**Activity:**
Leave out the images; return the rest of the data exactly.

**Recorded data:**
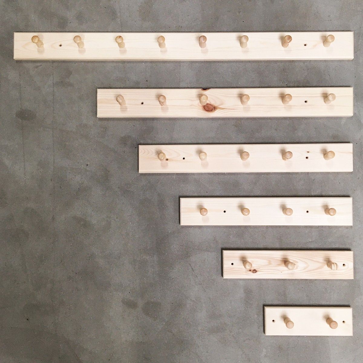 Knaggerekke med 8 knagger - furu
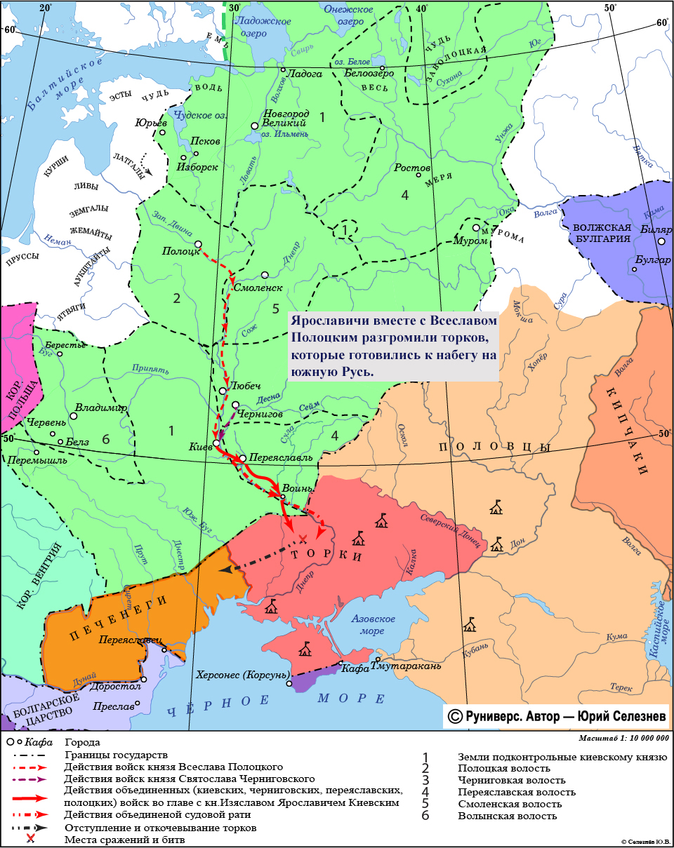 Ярославичи вместе с Всеславом Полоцким разгромили торков, которые готовились к набегу на южную
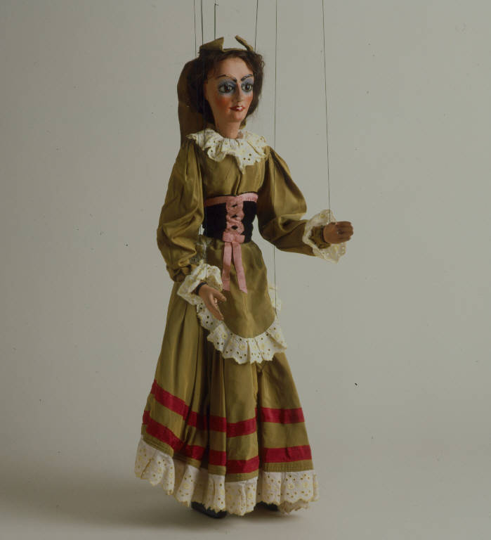 Testa di legno dipinta a olio, incarnato roseo; sopracciglia, ciglia e profilo degli occhi dipinti marrone scuro. Occhi di vetro marrone; ombreggiatura viola intorno agli occhi. Labbra rosse leggermente socchiuse; parrucca di capelli veri castani. Ai capelli è fissata un'acconciatura di foggia popolare, di seta verde piuttosto consunta e con rammendi. Tronco e bacino di legno articolati mediante fascia di tela inchiodata alle due parti. Braccia di stoffa imbottita alle quali sono inchiodate le mani di legno dipinte di rosa; colore scrostato alle dita, come sulle sopracciglia. Le gambe sono di legno, articolate al bacino mediante stoffa imbottita e provviste dello snodo alle ginocchia. Veste di seta verde con ruches di pizzo con ricami floreali gialli al collo e ai polsi nonché all'orlo. (continua in OSS)
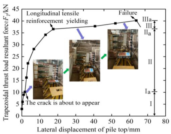Figure 11 illustrates the lateral displacement distribution of the test pile under different trapezoidal load levels, and the ordinate in Figure 12 represents the resultant force (FT) of the concentrated forces F1, F2, F3. The relationship curve between the pile top lateral displacement and the resultant force of trapezoidal load was extracted in Figure 12. It can be seen that the pile lateral displacement increased linearly along the pile length as trapezoidal load increases, and the deformation process of the cantilever anti-slide pile included three stages. In Stage I, the pile lateral displacement increased approximately proportionally with the resultant force of the trapezoidal thrust load (FT), but the rate of increase was relatively slow. In this stage, the cantilever anti-slide pile worked in full section, and the concrete and the steel bars in the tension area bore the tensile force together, both of which were in an elastic stage. When FT increased to 10.2 kN, the maximum lateral displacement at pile top was 1.75 mm, and the tensile area near the sliding surface of side A of the test pile first cracked (Figure 12 and Figure 13a), which was named as the uncracked stage of the cantilever anti-slide pile. In Stage Ⅱ, due to the concrete cracking in the tension area, the tensile force originally born by the concrete was gradually transferred to the tensile steel bars, and the cracks on side A, side B, and side D of the test pile gradually expanded and extended (Figure 12 and Figure 13b,d). As the trapezoidal load increased, the tensile force at the cracking area was basically born by the tensile steel bars. In this stage, the lateral displacement of the pile increases more obviously due to the presence of cracks, and the lateral displacement at pile top increases in a non-proportional manner with FT. When FT increased to 36.6 kN, the maximum lateral displacement at pile top was 17.5 mm, and the tensile steel bars began to yield. Since then, the maximum lateral displacement at the pile top increased sharply, which was named as the crack emerging and developing stage of cantilever anti-slide pile. In Stage III, when FT gradually increased to 40.2 kN, the concrete strain in the compression area reached the ultimate compressive strain, and the concrete in the compression area crushed and bulged (Figure 12 and Figure 13c). The trapezoidal thrust load gradually rebounded, the maximum lateral displacement at pile top was 63.7 mm, and the anti-slide pile subsequently failed (Figure 12 and Figure 13e), which was named as the steel bar yielding-failing stage of cantilever anti-slide pile.

**Response to this exercise:**
 Knaggerekke med 8 knagger - furu
 Ярославичи вместе с Всеславом Полоцким разгромили торков, которые готовились к набегу на южную
 Testa di legno dipinta a olio, incarnato roseo; sopracciglia, ciglia e profilo degli occhi dipinti marrone scuro. Occhi di vetro marrone; ombreggiatura viola intorno agli occhi. Labbra rosse leggermente socchiuse; parrucca di capelli veri castani. Ai capelli è fissata un'acconciatura di foggia popolare, di seta verde piuttosto consunta e con rammendi. Tronco e bacino di legno articolati mediante fascia di tela inchiodata alle due parti. Braccia di stoffa imbottita alle quali sono inchiodate le mani di legno dipinte di rosa; colore scrostato alle dita, come sulle sopracciglia. Le gambe sono di legno, articolate al bacino mediante stoffa imbottita e provviste dello snodo alle ginocchia. Veste di seta verde con ruches di pizzo con ricami floreali gialli al collo e ai polsi nonché all'orlo. (continua in OSS)
Figure 11 illustrates the lateral displacement distribution of the test pile under different trapezoidal load levels, and the ordinate in Figure 12 represents the resultant force (FT) of the concentrated forces F1, F2, F3. The relationship curve between the pile top lateral displacement and the resultant force of trapezoidal load was extracted in Figure 12. It can be seen that the pile lateral displacement increased linearly along the pile length as trapezoidal load increases, and the deformation process of the cantilever anti-slide pile included three stages. In Stage I, the pile lateral displacement increased approximately proportionally with the resultant force of the trapezoidal thrust load (FT), but the rate of increase was relatively slow. In this stage, the cantilever anti-slide pile worked in full section, and the concrete and the steel bars in the tension area bore the tensile force together, both of which were in an elastic stage. When FT increased to 10.2 kN, the maximum lateral displacement at pile top was 1.75 mm, and the tensile area near the sliding surface of side A of the test pile first cracked (Figure 12 and Figure 13a), which was named as the uncracked stage of the cantilever anti-slide pile. In Stage Ⅱ, due to the concrete cracking in the tension area, the tensile force originally born by the concrete was gradually transferred to the tensile steel bars, and the cracks on side A, side B, and side D of the test pile gradually expanded and extended (Figure 12 and Figure 13b,d). As the trapezoidal load increased, the tensile force at the cracking area was basically born by the tensile steel bars. In this stage, the lateral displacement of the pile increases more obviously due to the presence of cracks, and the lateral displacement at pile top increases in a non-proportional manner with FT. When FT increased to 36.6 kN, the maximum lateral displacement at pile top was 17.5 mm, and the tensile steel bars began to yield. Since then, the maximum lateral displacement at the pile top increased sharply, which was named as the crack emerging and developing stage of cantilever anti-slide pile. In Stage III, when FT gradually increased to 40.2 kN, the concrete strain in the compression area reached the ultimate compressive strain, and the concrete in the compression area crushed and bulged (Figure 12 and Figure 13c). The trapezoidal thrust load gradually rebounded, the maximum lateral displacement at pile top was 63.7 mm, and the anti-slide pile subsequently failed (Figure 12 and Figure 13e), which was named as the steel bar yielding-failing stage of cantilever anti-slide pile.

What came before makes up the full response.